According to USDA’s latest agricultural income and finance summary, farmers and farm lenders are in better financial shape than some folks had originally thought.

The report does not take into consideration any of the additional federal payments that farmers will receive as a result of a 2002 farm bill, indicating that the financial picture this year could be even better than expected.

Between October 1998 and August 2001, Congress has enacted emergency farm assistance legislation five times to increase farm spending.

The House and Senate farm bills would add at least $7.35 billion to spending for this year, and the Senate bill includes an additional $2.4 billion in disaster payments.

There could also be some other good news for the U.S. farm industry by way of increased trade with China.

According to USDA’s Economic Research Service, China’s admission to the World Trade Organization should boost the U.S. farm economy by about $800 million annually through 2009.

In addition, U.S. agricultural exports should increase by $1 billion per year.

U.S. Producers Losing Out on Sales to Cuba

On the subject of U.S. trade potential, more news has been released about the impact of the U.S. trade embargo that was imposed on Cuba more than forty years ago.

U.S. producers are losing up to $1.24 billion a year in potential export sales as a result of the economic sanctions that have been in place against Cuba, according to a report released by the Cuba Policy Foundation.

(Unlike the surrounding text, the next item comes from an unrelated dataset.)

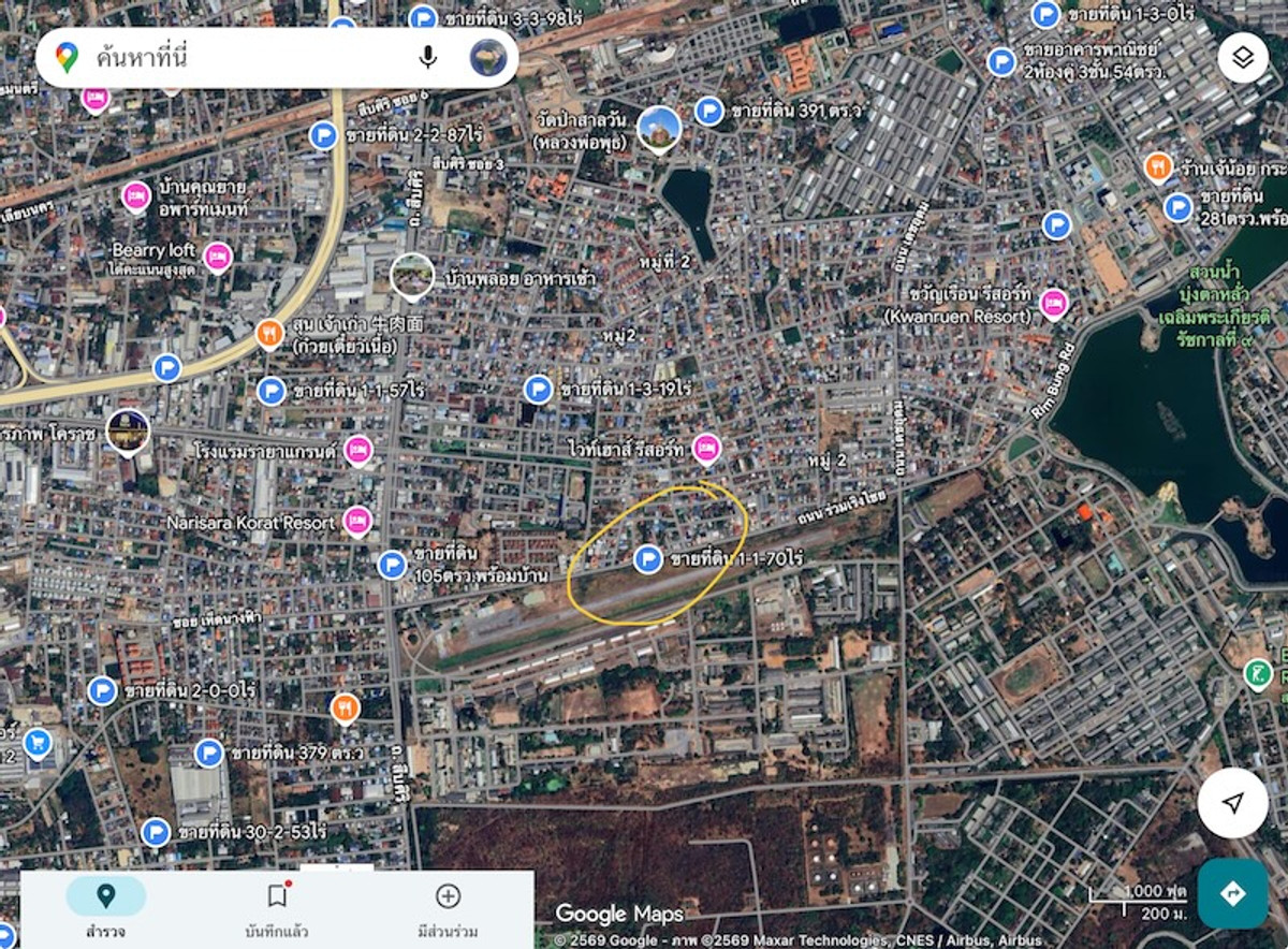 Land for sale in Korat city. Next to Ruam Reng Chai Road, area 1-1-70 rai, suitable for building a house for living in the city, hotel, apartment, department store, showroom, commercial location near Bung Ta Lua.

The report was prepared with the assistance of two Texas A&M agricultural economists and indicated that the overall U.S. economy is losing an additional $3.6 billion per year in related economic input as a result of the embargo.

Cuba has a population of just over 11 million, and its close proximity to the U.S. would mean lower transportation costs, providing an advantage for U.S. producers.

Although exports of food were exempted from the Cuba embargo in late 2000, no public or private U.S. financing was allowed for the sales. The Senate farm bill would overrule that prohibition and allow private financing.